Non, je ne peux pas croire même en une ladite « force créatrice », à un principe créateur, volonté qui aurait défini un plan ordonné. Ce n'est pas plus crédible qu'un dieu à la barbe blanche. Le plan ordonné ressemble à regarder notre « arbre généalogique » (ci-dessous) à l’œuvre d'un esprit confus et instable.

N'est-ce pas aussi les qualificatifs de l'univers? Confus, instable en plus d'être incompréhensible ... et peut-être même, tout cela sans but et raison.

Je suis athée.

Les bases d'une démarche spirituelle athée?

Étrangement pour une athée, je ne me réfugie pas non plus derrière la science, celle qui va nous sauver de notre ignorance, nous rassurer, nous expliquer d'où nous venons. Même si elle y arrivait, elle ne nous expliquera jamais pourquoi.

Au lieu de débattre sur le comment et le qui, questions qui ne me semblent finalement pas si importantes que cela, c'est de savoir pourquoi l'humanité existe, nous existons et même si cela ne vous intéresse pas : pourquoi j'existe.

De là, très certainement, je construit l'essentiel de ma démarche spirituelle et initiatique. Je viens de sauter une étape.

La spiritualité n'est pas attachée uniquement à l'homme vis-à-vis d'une religion ou d'une croyance. Elle a un sens qui dans le contexte maçonnique est important : recherche de sens ou d'espoir, ou bien être une réflexion sur l'opposition (philosophique) de l'esprit et de la matière, qui peut aussi trouver une voie dans une démarche initiatique.

Le sens d'être - le pourquoi nous sommes là - est au coeur de mon questionnement et très certainement au coeur même de ma façon de vivre ou d'entreprendre des choses.

Je m'insurge donc lorsque des francs-maçons souhaitent cantonner et réduire les champs de recherche d'une démarche spirituelle et initiatique à la seule croyance qu'elle soit théiste ou déiste.

Etre athée, ne signifie pas s'être débarrassé de dieu. En effet, il demeure une idée. On n'a pas besoin de croire en une idée, ni même de l'aimer et de lui adresser des prières pour l'examiner et la conserver. Cette idée est un état qui n'est pas représentation de dieu, mais de l'humanité elle-même.

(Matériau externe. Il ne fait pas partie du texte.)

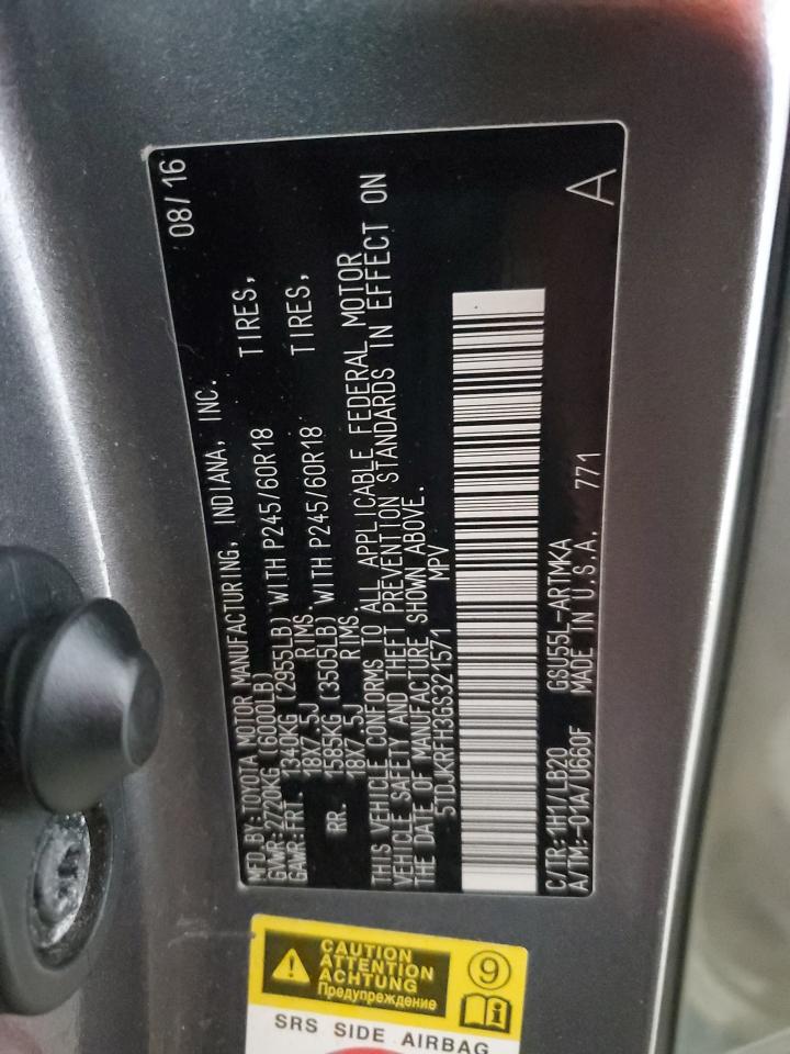 2016 TOYOTA HIGHLANDER - 5TDJKRFH3GS321571, колір - Сірий, 3.5, Бензин, Повний привід із США

L'humanité suivant ses époques et les civilisations qu'elle a construit a toujours eu des dieux. Ces représentations divines répondraient (au conditionnel) aux questions que l'humanité se pose, désignant une frontière entre le connu et l'inconnu, le compréhensible et l'incompréhensible. D'où cette affirmation que nos croyances contemporaines seraient moins superstitieuses que celles de nos ancêtres et en cela bien supérieures au polythéisme. A croire que vous n'avez jamais mis un pied dans une église !

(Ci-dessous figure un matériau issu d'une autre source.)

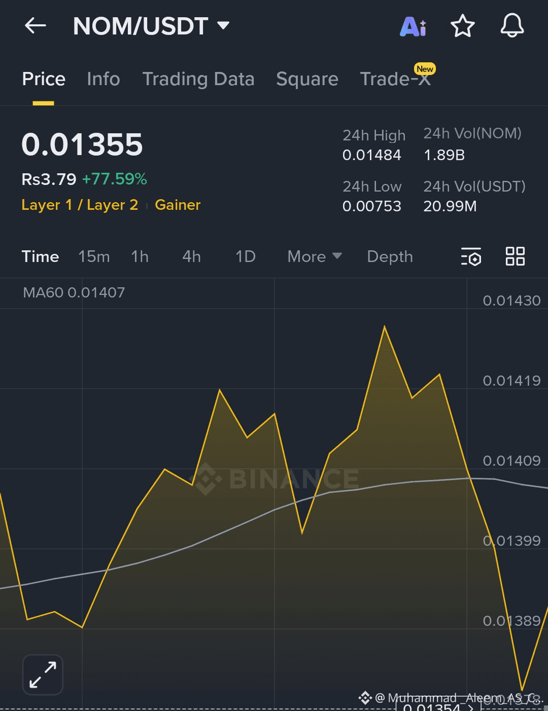 NOM is waqt distribution nahi, balki Re-accumulation Energy dikha raha hai. Daily chart par RSI neutral territory se recover ho kar bullish divergence dikha raha hai, jo ek naye uptrend ka precursor hai. Inka naya Trading Terminal Update (limit orders, APR + leverage search) platform ki utility ko real-time traders ke liye "Gold Standard" bana raha hai. Jab tak $0.0080 ka major support hold hai, momentum targets ki taraf violent acceleration dikhayega.

La science – et vous comprenez pourquoi je ne m'y réfugie pas – aurait désacralisé une partie des mystères de l'univers en nous trouvant des théories plausibles. Notez qu'il s'agit uniquement que de théories et que rien n'est prouvé (ou pas complètement).

Je trouve cela quelque peu vaniteux. Nous ne sommes en rien supérieurs – et nos croyances pas plus – que cette femme (ou cet homme) qui aurait laissé pour plusieurs milliers d'années des œuvres au fond d'une grotte.

Je suis athée.

Vénus de Laussel ou "Dame à la corne". 44 cm de haut. Bas-relief sur roche. Musée d'Aquitaine. © dinosoria.com

Ces mythes polythéistes ne me paraissent pas être construits pour rassurer des peuples entiers de leur peurs ataviques. Je dirais même que les peurs restent ... S'ils répondent à des questions, quelles sont-elles ? Sont-elles purement physiques ou scientifiques ? Sont-elles d'ordre métaphysiques ? Sont-elles tout cela en même temps ?

Femme de son époque et vivant elle-même dans une société confortable, je n'ai que des questions. Je cherche en sus, parce que les miennes ne me suffisent pas, celles des autres, celles qui ont bercés l'humanité depuis son début, sans même savoir ce qu'elle est vraiment et encore moins quand elle débute réellement.

Je ne cherche pas dieu, je ne cherche pas à le définir, je n'en ai pas besoin. D'ailleurs, ceux qui font cette recherche en maçonnerie serait plus à leur aise, à mon avis, en théologie.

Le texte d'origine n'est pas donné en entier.